Pre process de-duplication is often referred to as Source de-duplication.  Source de-duplication is used to de-duplicate data before it reaches the point of transmission to the storage device. All data is piped through the source de-dupe hardware or software before it is considered ready for transmission to the storage device.

Source de-duplication aims to avoid transfer of duplicate data over the network to the storage device. The source de-duplication device establishes a connection with the target storage device and evaluates data before initiating the de-duplication process. The synchronization with the destination or target disk is maintained throughout the operation so that data can be synchronized and file matches can be eliminated at source. This saves bandwidth.

Byte level scans are performed by the source de-dupe hardware or software to identify “changed bytes”. The changed bytes are then sent to the target device with pointers to the original files and indexes are updated with the pointers for ease of recovery. The entire operation happens on the fly and is very efficient, accurate and light on processing power compared to post process de-duplication.

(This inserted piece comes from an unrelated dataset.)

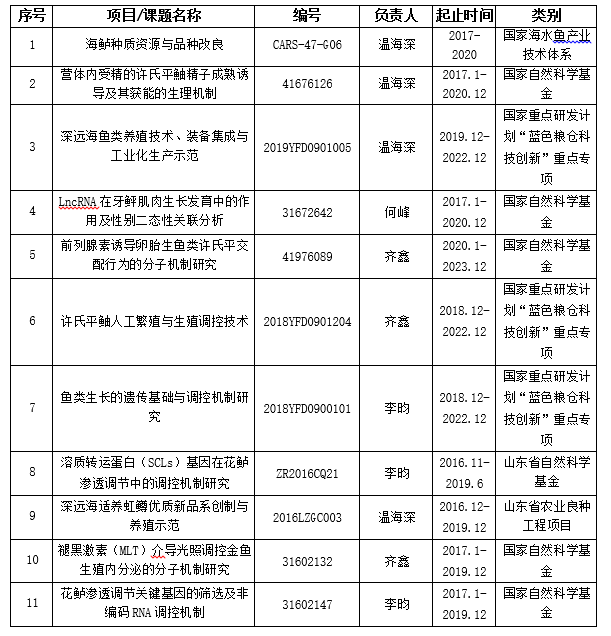 2019年实验室在研项目/课题

Source de-duplication devices have the capacity to classify data in real time. Policy based device configurations can categorize data at granular levels and filter out data even as it passes through the source de-dupe device. Files can be included or excluded on the basis of the domain, group, owner, user, path, age, storage type or file type or on the basis of Recovery point objectives or retention periods.

But, source de-duplication has its flip side. While source de-duplication reduces the amount of bandwidth you need for transmitting data to the destination drive, the process imposes a higher processing load on the client. It is estimated that the CPU power consumed goes up by 25-50% and this may not really be what you are looking for.

Source based de-duplication nodes may have to be incorporated into every connected location.  This has cost implications and is certainly more expensive when compared to target de-duplication techniques in which all de-duplication is done on a single de-duplication device that is located at a nodal point on the network.

Finally, the source software may have to be redesigned if the existing software does not support de-duplication algorithms or hardware. This is not the case in target de-duplication where the de-dupe software and hardware is isolated from the enterprise software or hardware and no changes require to be made at source for de-duplication.